**What this task involves**
Exact wording is required for every entry; transcribe all of them and leave the images out.
═══ Data in this exercise ═══
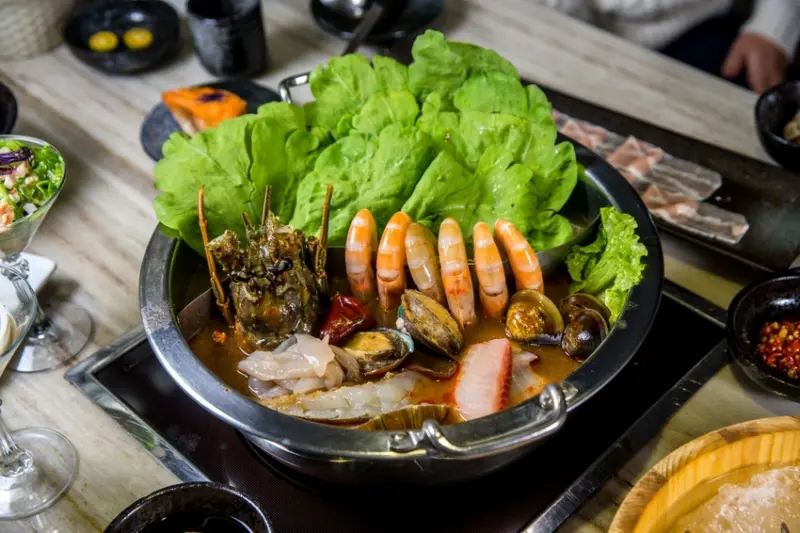 我認為這間是目前在高雄人氣最夯的平價火鍋店,特色在於有龍骨、麻辣、壽喜、素湯等四大湯頭,想吃兩種口味也可以做成鴛鴦鍋!推薦「小龍蝦總匯鍋」,兩尾龍蝦入鍋後差點把鍋子擠爆,再投入幾顆蛤蜊熬湯正好,豚骨湯加上海鮮下去現煮,清甜的湯頭直喝好幾口就不會油膩,光湯頭和綜合火鍋料的份量就嚇到我!還提供無限白飯、飲料吃到飽,整個超值。
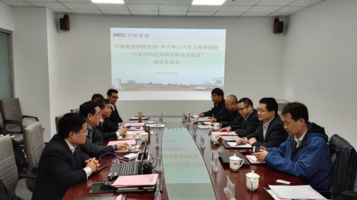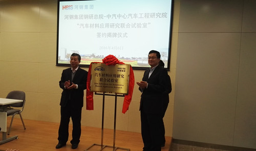 2016年4月6日,中國汽車(chē)技術(shù)研究中心汽車(chē)工程研究院(以下簡(jiǎn)稱(chēng)“中汽中心工程院”)與河鋼集團鋼鐵研究總院(以下簡(jiǎn)稱(chēng)“河鋼鋼研總院”)成立“汽車(chē)材料應用研究聯(lián)合試驗室”簽約和揭牌儀式在河鋼集團總部會(huì )議室舉行。參加此次儀式領(lǐng)導有河鋼集團副總經(jīng)理王新東、河鋼鋼研總院院長(cháng)李建新、河鋼鋼研總院副院長(cháng)吝章國、副院長(cháng)常金寶和河鋼集團唐鋼技術(shù)中心、河鋼集團邯鋼技術(shù)中心相關(guān)領(lǐng)導,以及中汽中心工程院高繼東院長(cháng)、謝書(shū)港主任、胡濟民主任、孟憲明博士。
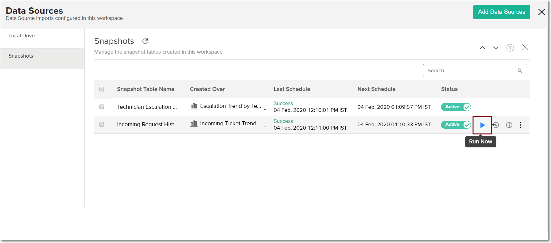 To do this, click the Data Sources button from the side panel and navigate to the Snapshots section. Click the Run Now button that appears on mouse over the required snapshot. The Snapshot will run instantly and import data from the report.
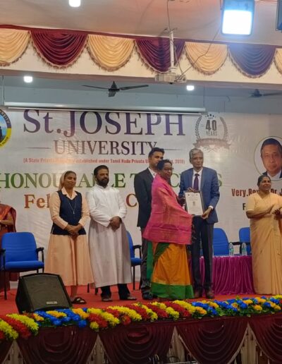 Mrs. Jyostna Magesh, Principal, Sri Sankara Global Academy, Pammal, receiving India K-12 Award 2025 for excellence in promoting experiential learning programs conducted by Eldrok India K-12 Summit held at Taj Willingtown Mews, Chennai on 23rd July 2025
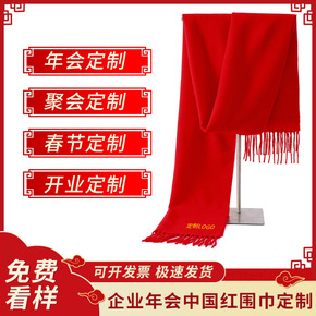 红围巾定制年会红围巾礼品中国红大红色批发围脖订做印...
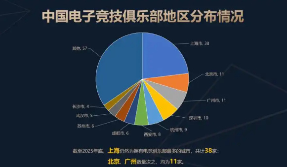 《报告》显示,截至2025年底,中国电子竞技俱乐部共有165家,拥有10家及以上电子竞技俱乐部的城市包括上海、北京、广州和深圳。其中,上海依然是拥有俱乐部数量最多的城市,继续排在首位。参赛情况方面,54.3%的电竞俱乐部仅参与单一类型赛事,22.8%的俱乐部参加2种赛事。参与3种类型赛事的占比6.3%,参与4种类型赛事的占比7.1%。
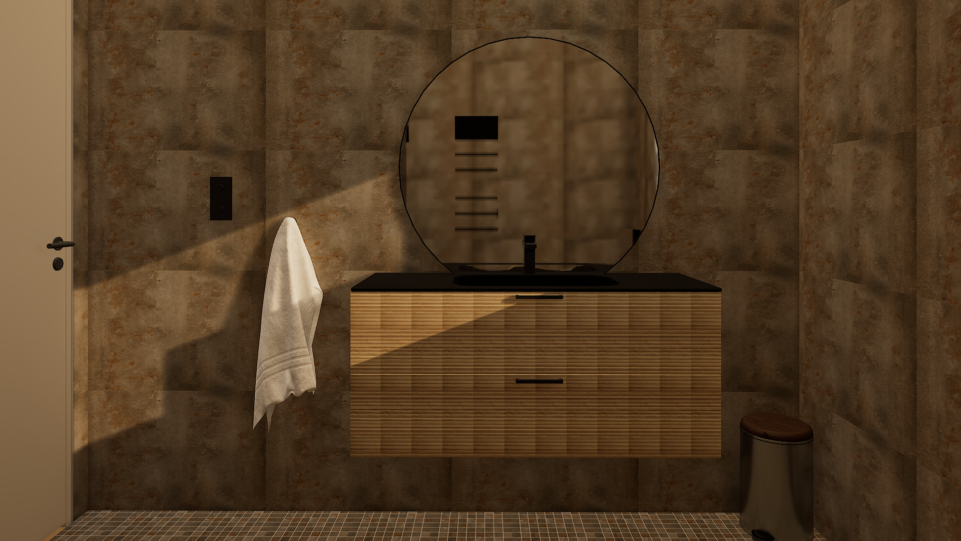 i only want editing of the mirror in this image what i want is for the reflection in the mirror to be replaced so that only the tiles from the wall next to it are reflected you can use the tiles on the side of the mirror and on the wall as the basis for the reflection so that it appears clean and realistic also add a light comming from the back of the mirror
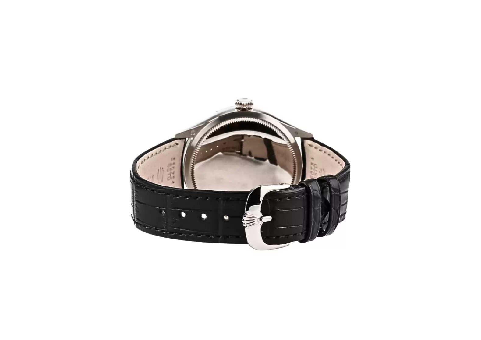 The 39mm 18k white gold case is a sight to behold, radiating a sense of sophistication and refinement. Its sleek black dial is adorned with index hour markers, adding a touch of classic charm to its overall design. The domed and fluted bezel further enhances its allure, creating a harmonious blend of style and functionality.
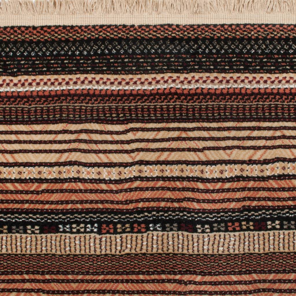 izquierda - Alfombra tejida a máquina con franjas decorativas - Polipropileno ción Combi Decolan y viscosa, una apariencia similar a la lana con un brillo sedoso
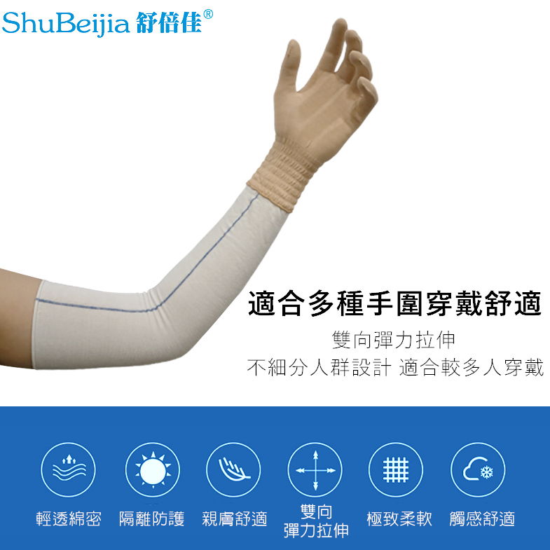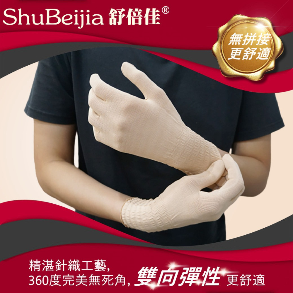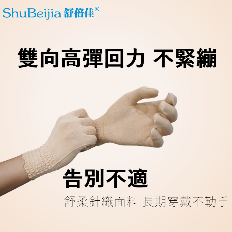 ShuBeijia舒倍佳 舒舒膚雙向彈力女用護膚養膚針織手套穿戴與管狀高彈力舒膚帶相互搭配穿著包裝,大大提升濕膚修復療程上的效益及便利性,增加更多的舒適感。
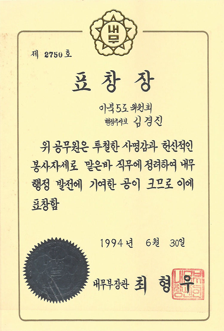 내무부장관표창장
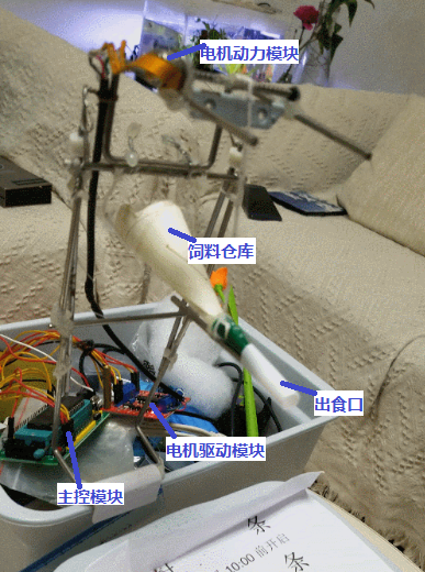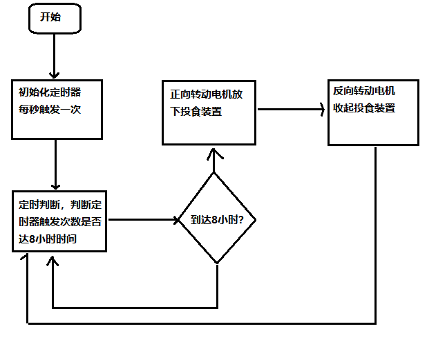 由主控板上的软件做好时间控制,在到达喂食时间点后,通过高低电平控制电机驱动板控制电机正转一定时长,使得饲料投放装置落下,饲料从出口落出,再控制电机反转,拉起饲料投放装置。
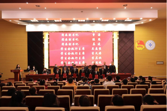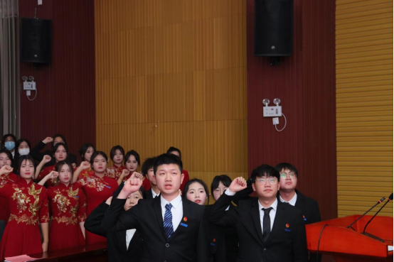 迎院旗,第十四届团委、学生会团委副主席刘霞与第十五届团委、学生会团委副主席曾涛进行工作交接。曾涛作就职演讲并带领新一届团学全体学生干部进行就职宣誓
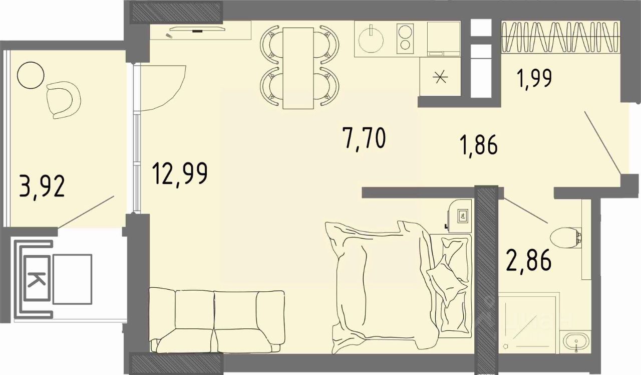 Продаётся квартира 60 площадью 31,32 м2 в новом ЖК СОК
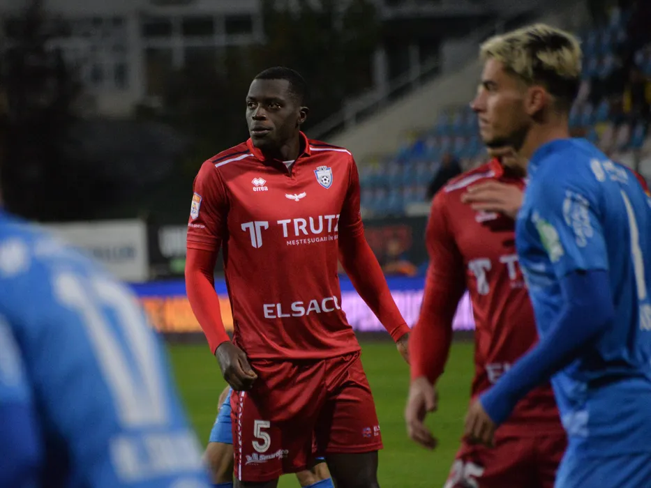 Joyskim Aurelien Dawa Tchakonte in meciul de fotbal dintre FC Botosani si Chindia Targoviste, contand pentru Liga 1 Casa Pariurilor, desfasurat pe Stadionul Municipal din Botosani, luni 18 octombrie 2021. © FOTO:Ionut Tabultoc/SPORT PICTURES
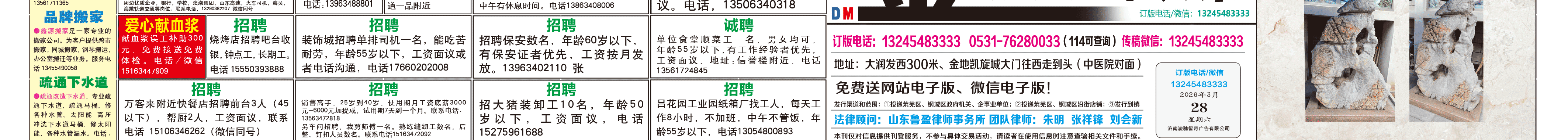 《莱芜金点子广告》报纸3月28日一、二版
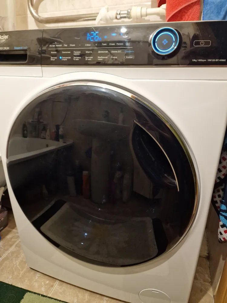 Больше других понравилась машина Haier HW100-BP14986E, у неё был абсолютно футуристический вид. Например, мне, большому любителю фантастики, открывающаяся дверца бака сразу напомнила то ли иллюминатор космического корабля, то ли переходной люк. И диаметр этого люка просто гигантский, я ни у одной другой модели такого не встречал. В общем, сразу понял, что влезет всё! Её и приобрел. Нет, конечно, это не любовь с первого взгляда, но в этом случае дизайн, не буду спорить, сыграл в моём выборе не последнюю роль.
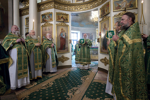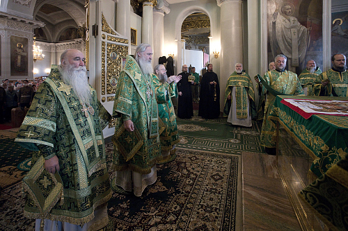 По окончании Литургии было совершено славление и молитва перед ковчегами с частицами мощей благоверных князей Даниила Московского и Александра Невского.
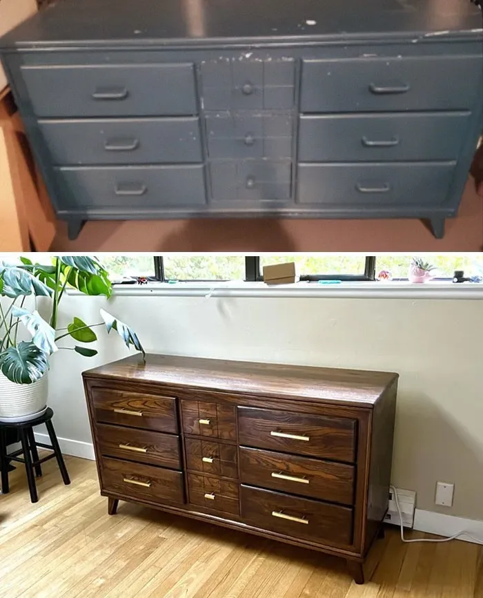 19. «Увидел этот комод на распродаже за 30 долларов и понял, что под слоем краски скрывается что-то удивительное. Это мой первый опыт реставрации мебели, но я доволен результатом»
═══
**Exercise solution**
 我認為這間是目前在高雄人氣最夯的平價火鍋店,特色在於有龍骨、麻辣、壽喜、素湯等四大湯頭,想吃兩種口味也可以做成鴛鴦鍋!推薦「小龍蝦總匯鍋」,兩尾龍蝦入鍋後差點把鍋子擠爆,再投入幾顆蛤蜊熬湯正好,豚骨湯加上海鮮下去現煮,清甜的湯頭直喝好幾口就不會油膩,光湯頭和綜合火鍋料的份量就嚇到我!還提供無限白飯、飲料吃到飽,整個超值。
 2016年4月6日,中國汽車(chē)技術(shù)研究中心汽車(chē)工程研究院(以下簡(jiǎn)稱(chēng)“中汽中心工程院”)與河鋼集團鋼鐵研究總院(以下簡(jiǎn)稱(chēng)“河鋼鋼研總院”)成立“汽車(chē)材料應用研究聯(lián)合試驗室”簽約和揭牌儀式在河鋼集團總部會(huì )議室舉行。參加此次儀式領(lǐng)導有河鋼集團副總經(jīng)理王新東、河鋼鋼研總院院長(cháng)李建新、河鋼鋼研總院副院長(cháng)吝章國、副院長(cháng)常金寶和河鋼集團唐鋼技術(shù)中心、河鋼集團邯鋼技術(shù)中心相關(guān)領(lǐng)導,以及中汽中心工程院高繼東院長(cháng)、謝書(shū)港主任、胡濟民主任、孟憲明博士。
 To do this, click the Data Sources button from the side panel and navigate to the Snapshots section. Click the Run Now button that appears on mouse over the required snapshot. The Snapshot will run instantly and import data from the report.
 Mrs. Jyostna Magesh, Principal, Sri Sankara Global Academy, Pammal, receiving India K-12 Award 2025 for excellence in promoting experiential learning programs conducted by Eldrok India K-12 Summit held at Taj Willingtown Mews, Chennai on 23rd July 2025
 红围巾定制年会红围巾礼品中国红大红色批发围脖订做印...
 《报告》显示,截至2025年底,中国电子竞技俱乐部共有165家,拥有10家及以上电子竞技俱乐部的城市包括上海、北京、广州和深圳。其中,上海依然是拥有俱乐部数量最多的城市,继续排在首位。参赛情况方面,54.3%的电竞俱乐部仅参与单一类型赛事,22.8%的俱乐部参加2种赛事。参与3种类型赛事的占比6.3%,参与4种类型赛事的占比7.1%。
 i only want editing of the mirror in this image what i want is for the reflection in the mirror to be replaced so that only the tiles from the wall next to it are reflected you can use the tiles on the side of the mirror and on the wall as the basis for the reflection so that it appears clean and realistic also add a light comming from the back of the mirror
 The 39mm 18k white gold case is a sight to behold, radiating a sense of sophistication and refinement. Its sleek black dial is adorned with index hour markers, adding a touch of classic charm to its overall design. The domed and fluted bezel further enhances its allure, creating a harmonious blend of style and functionality.
 izquierda - Alfombra tejida a máquina con franjas decorativas - Polipropileno ción Combi Decolan y viscosa, una apariencia similar a la lana con un brillo sedoso
 ShuBeijia舒倍佳 舒舒膚雙向彈力女用護膚養膚針織手套穿戴與管狀高彈力舒膚帶相互搭配穿著包裝,大大提升濕膚修復療程上的效益及便利性,增加更多的舒適感。
 내무부장관표창장
 由主控板上的软件做好时间控制,在到达喂食时间点后,通过高低电平控制电机驱动板控制电机正转一定时长,使得饲料投放装置落下,饲料从出口落出,再控制电机反转,拉起饲料投放装置。
 迎院旗,第十四届团委、学生会团委副主席刘霞与第十五届团委、学生会团委副主席曾涛进行工作交接。曾涛作就职演讲并带领新一届团学全体学生干部进行就职宣誓
 Продаётся квартира 60 площадью 31,32 м2 в новом ЖК СОК
 Joyskim Aurelien Dawa Tchakonte in meciul de fotbal dintre FC Botosani si Chindia Targoviste, contand pentru Liga 1 Casa Pariurilor, desfasurat pe Stadionul Municipal din Botosani, luni 18 octombrie 2021. © FOTO:Ionut Tabultoc/SPORT PICTURES
 《莱芜金点子广告》报纸3月28日一、二版
 Больше других понравилась машина Haier HW100-BP14986E, у неё был абсолютно футуристический вид. Например, мне, большому любителю фантастики, открывающаяся дверца бака сразу напомнила то ли иллюминатор космического корабля, то ли переходной люк. И диаметр этого люка просто гигантский, я ни у одной другой модели такого не встречал. В общем, сразу понял, что влезет всё! Её и приобрел. Нет, конечно, это не любовь с первого взгляда, но в этом случае дизайн, не буду спорить, сыграл в моём выборе не последнюю роль.
 По окончании Литургии было совершено славление и молитва перед ковчегами с частицами мощей благоверных князей Даниила Московского и Александра Невского.
 19. «Увидел этот комод на распродаже за 30 долларов и понял, что под слоем краски скрывается что-то удивительное. Это мой первый опыт реставрации мебели, но я доволен результатом»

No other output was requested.